Machine Learning Engineer, Deep Learning
Location: Torrence, California
Our Client is changing the way people think about water. In the U.S leaks contribute to nearly 13% of total water usage and can cost thousands of dollars in repairs. Most of these leaks remain undetected for a long time because it’s an invisible problem that is hidden behind the walls or underground. But what if it could become more visible? They believe that creating the tools to bring issues to light before they start is the key to protecting your home, conserving water, saving money and, just maybe, saving the planet.
They are preparing to launch and need an experienced Machine Learning Engineer focused on Deep Neural Network (DNN) who is passionate about building ML algorithms to solve these very important problems and see its impact across thousands of homes across the U.S.
Here’s what you will do:
Own it: You will be responsible for deducing the critical events and features of rich time series sensor signals required to create powerful ML algorithms.
Design and develop it: You will design and build ML algorithms that translate the detected events and features into actionable end-user feedback.
Test it: You will verify your algorithms by running tests on data from real-world deployments. Your testing will be thorough and innovative, and help guide the next iteration of testing.
Improve it: You will incorporate feedback from Marketing, Engineering, and Operations to optimize the final product.
How do we know that’s you? You have:
A Master of Science degree or a Doctoral degree with applied machine learning and signal processing experience, in Electrical Engineering, Computer Science, Applied Mathematics or any relevant field. Rank based on experience.
Developed organized, easy to read, and modifiable software source code for machine learning algorithms with emphasis on signal processing, feature extraction, time series analysis, and statistical modeling.

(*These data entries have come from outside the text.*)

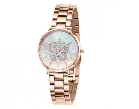 新锐时尚腕表品牌BlackByBlueBrave(4B)手表,推出了精致灵动的Beauty系列。该系列将大自然的诗情画意,精巧融入腕表的设计及工艺之上,设计师运用150颗高品质晶钻镶嵌出蝴蝶翩翩起舞的优雅形态,颂扬女性的蜕变之美。除了表盘镶嵌高品质晶钻蝴蝶图案之外,还采用天然珍珠母贝材质作为整个字面的材料,海水打磨过的光泽,取之天然,精致优雅。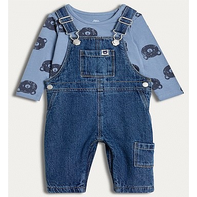 2-Piece Pure Cotton Bodysuit and Dungarees Set in Blue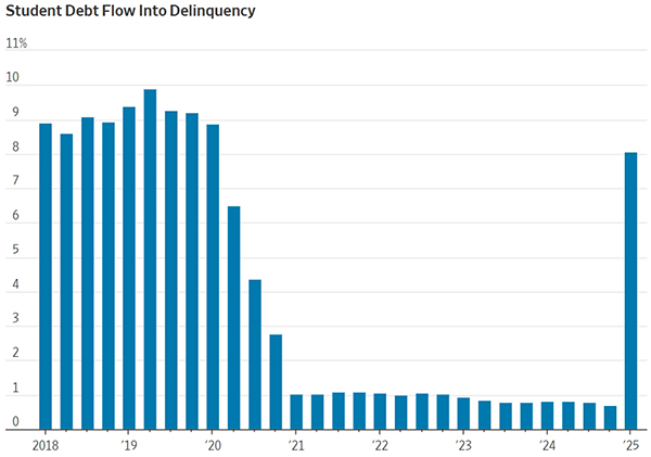 2025年一季度,美國學生貸款拖欠率激增。 《華爾街日報》製圖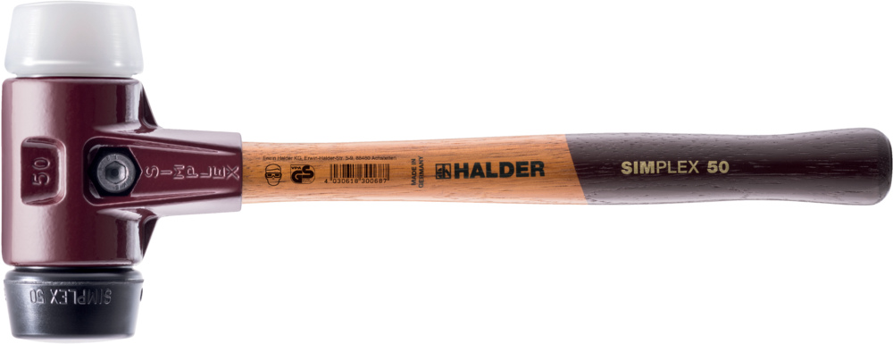 - końcówki młotka Halder to połączenie kauczuku kompozytowego (czarny, średnio twardy, amortyzujący uderzenia, bezwonny, o niskim zużyciu) i super plastik (biały, średnio twardy, bardzo wytrzymały) - profesjonalna, łatwa i przyjemna praca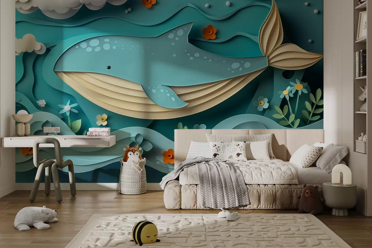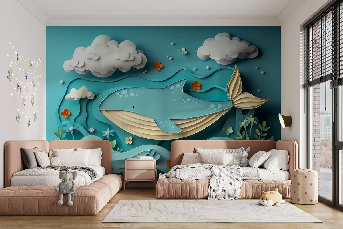 Fototapeten Verspielter Wal in den Wolken im Papierschnitt-Stil, 3D-Effekt N° w01496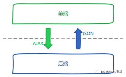 REST全称是Representational State Transfer(表述性状态转移),它是Roy Fielding博士在2000年写的一篇关于软件架构风格的论文,此文一出,威震四方!国内外许多知名互联网公司纷纷开始采用这种轻量级的Web服务,大家习惯将其称为RESTful Web Services,或简称REST服务。]如果将浏览器这一端视为前端,而服务器那一端视为后端的话,可以将以上改进后的MVC模式简化为以下前后端分离模式,如下图所示: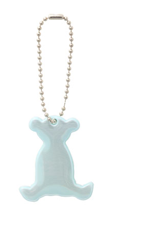 「くまのリュックさん。」「こぐまのポシェットさん。」の ミント色に合わせた、新色です。 おすわりKUKKAのかたちをしたリフレクター。 いもうとだけに、3つのリフレクターのうち、 いちばんちいさいサイズです。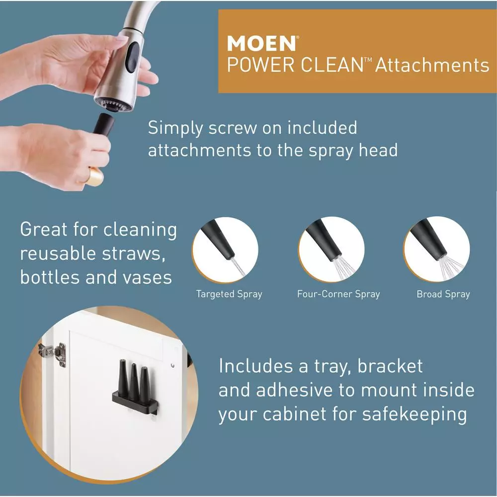- PowerClean individual threaded attachments are included, engineered to provide focused cleaning solutions with 3-unique spray settings: target spray, 4-corner spray and broad spray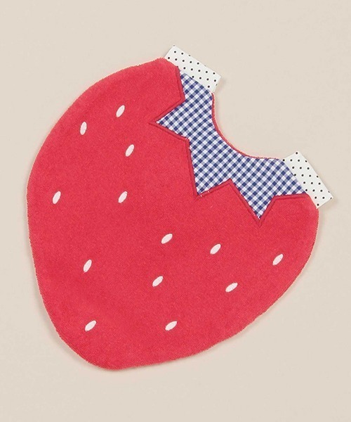 大きないちごがそのままデザインされた可愛らしいスタイです。インパクト大のルックスは、コーディネートのポイントに大活躍。表裏両面ともパイル素材を使用しており、吸水性もデザイン性も両方兼ね備えています。中に撥水布入りなので、大事なお洋服に水がしみこみにくいのも特徴です。首周りはスナップボタンで2段階に調節できます。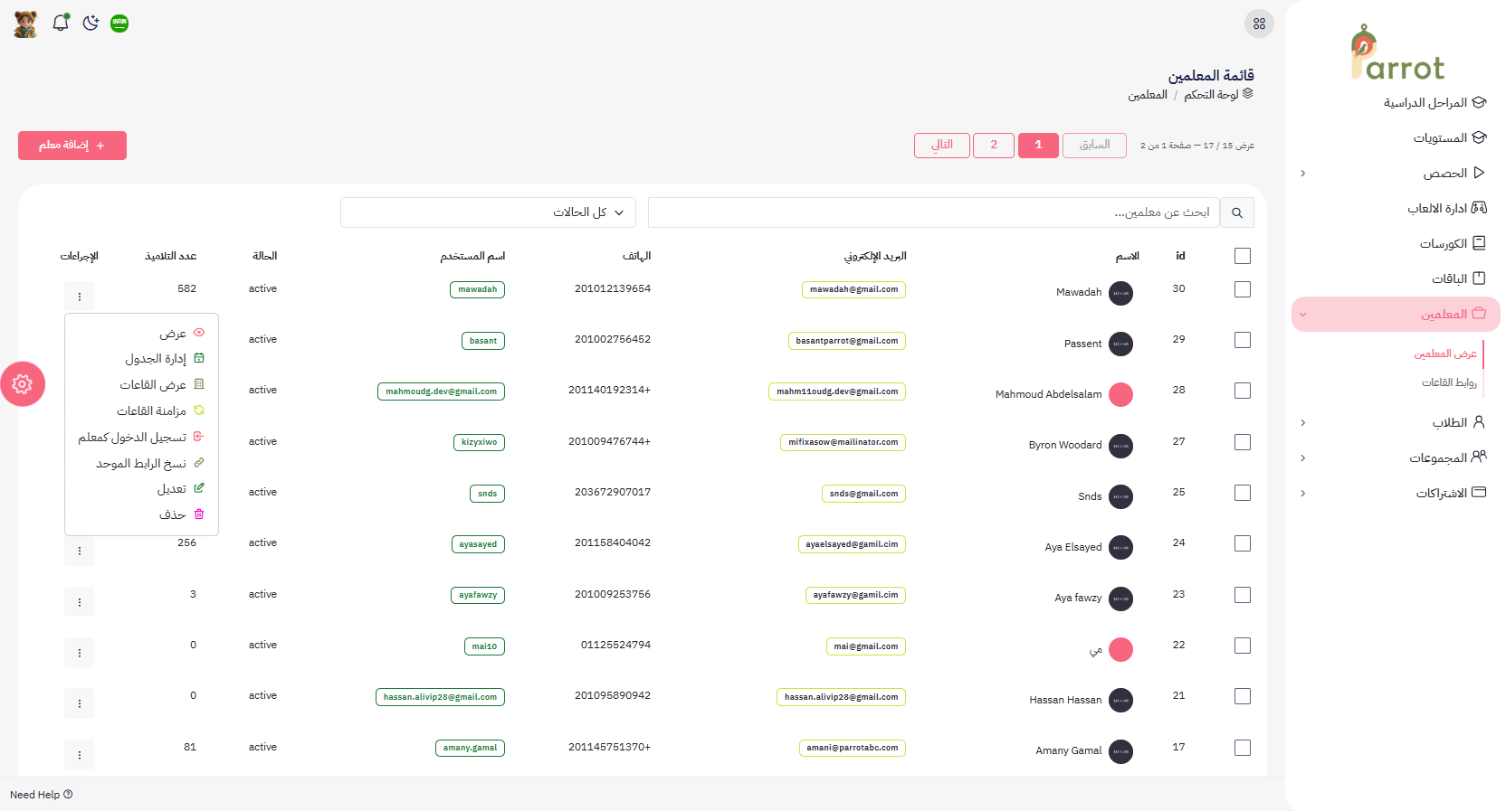 ثم نضغط علي المعلمين » عرض المعلمين "ثم نحدد المعلم المراد اسناد المجموعة اليه"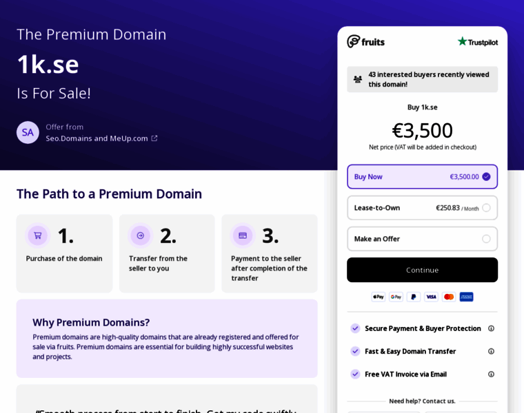 The premium domain 1k.se is for sale on fruits.co. Secure the domain now and start your online success story. Safe payment and quick transfer are guaranteed.
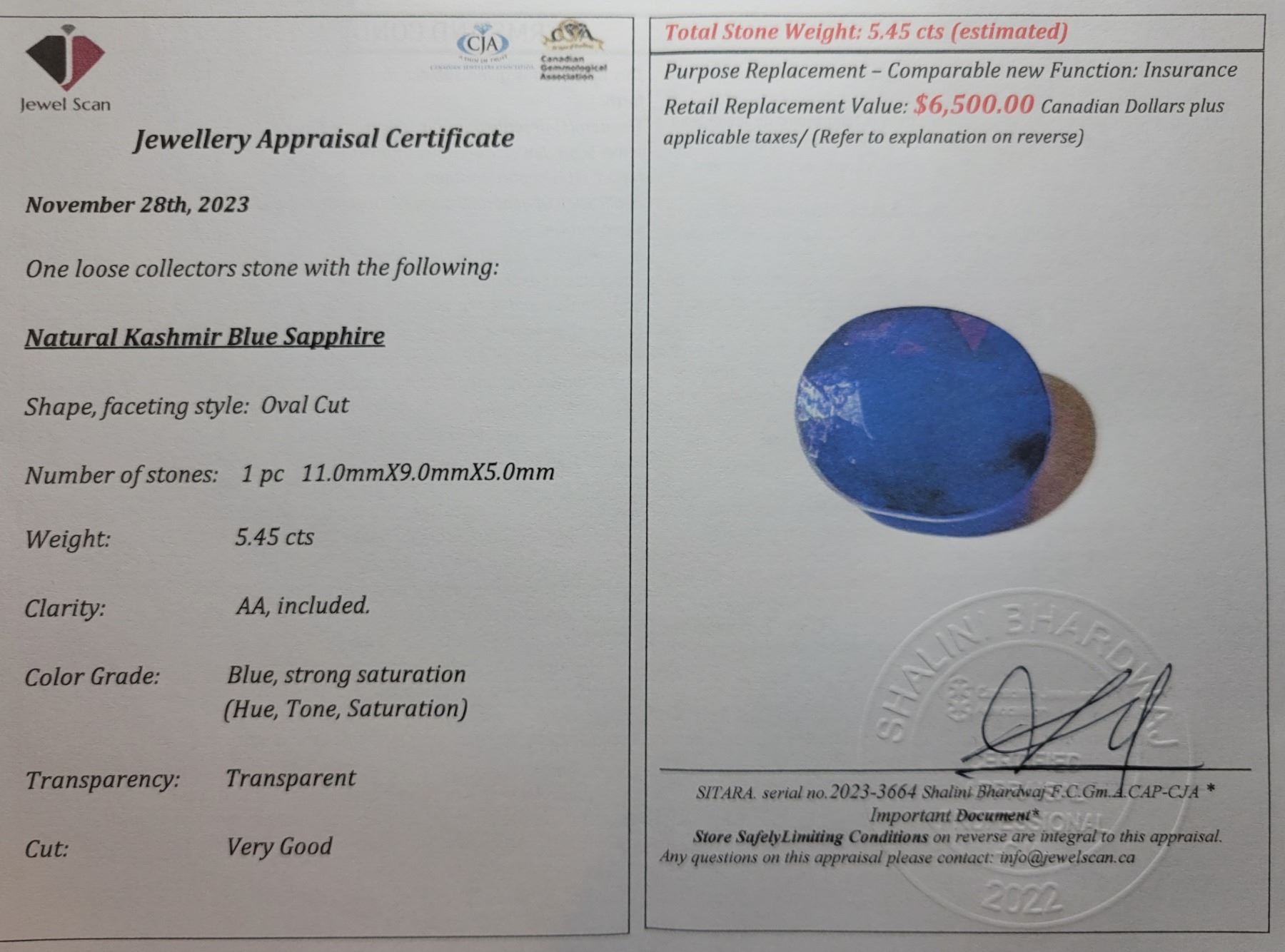5.45 CT CERTIFIED BLUE SAPPHIRE GEMSTONE ($6,500 APPRAISAL)

Experience programming in Python and/or MATLAB. Knowledge of low-level languages such as C/C++ is a plus.
Experience with one or more of the following machine learning techniques DNNs, Reinforcement Learning, Zero/One-shot learning.
Worked closely with subject matter experts and statisticians to drive deep analysis.
The ability to identify risks and understand how to approach and complete tasks, avoiding serious delays and considerable expenditure of time and resources.
Contributed ideas and/or concepts that support the generation of intellectual property or published papers.
Familiarity with cloud technologies such as AWS.
Familiarity with source control and code management tools such as Git and SVN.
Hands-on experience with GPUs a plus.